## About this task
Your job is to return the whole listing unchanged while skipping its images.

## Dataset extract
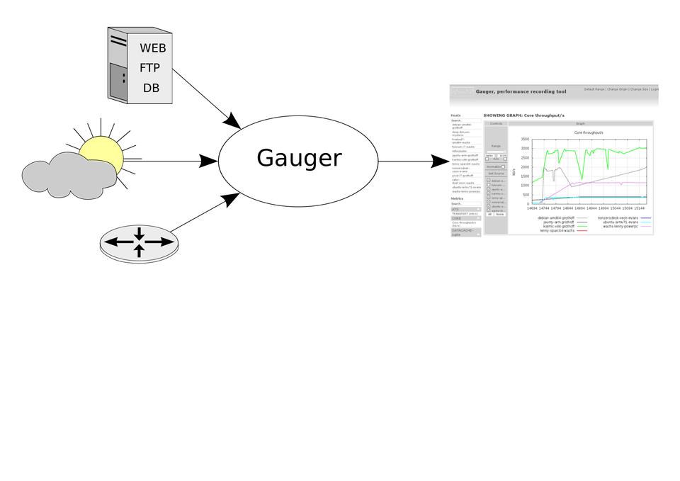 Each Gauger client installation requires a local Python (> or = than 2.6) interpreter. For the Gauger server, a Web server installation with PHP and gnuplot is required.
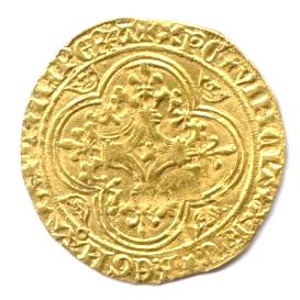 R/. Croix aux bras fleurdelisés dans un quadrilobe orné de fleurs de lis et cantonné de couronnelles. Ponctuation par étoiles. Etoile pointée au centre. Apostrophes après XPC. Premier P pointé.
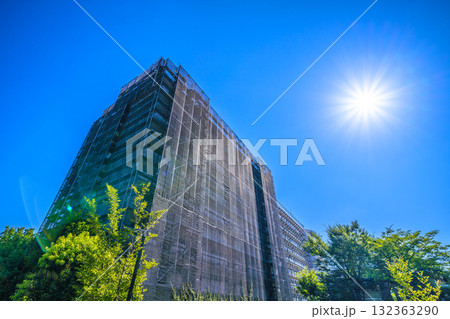日本の横浜都市景観 夏空が広がる…マンションの補修や点検等、足場や防護ネット、衛星アンテナが…

## Solution to the problem
 Each Gauger client installation requires a local Python (> or = than 2.6) interpreter. For the Gauger server, a Web server installation with PHP and gnuplot is required.
 R/. Croix aux bras fleurdelisés dans un quadrilobe orné de fleurs de lis et cantonné de couronnelles. Ponctuation par étoiles. Etoile pointée au centre. Apostrophes après XPC. Premier P pointé.
日本の横浜都市景観 夏空が広がる…マンションの補修や点検等、足場や防護ネット、衛星アンテナが…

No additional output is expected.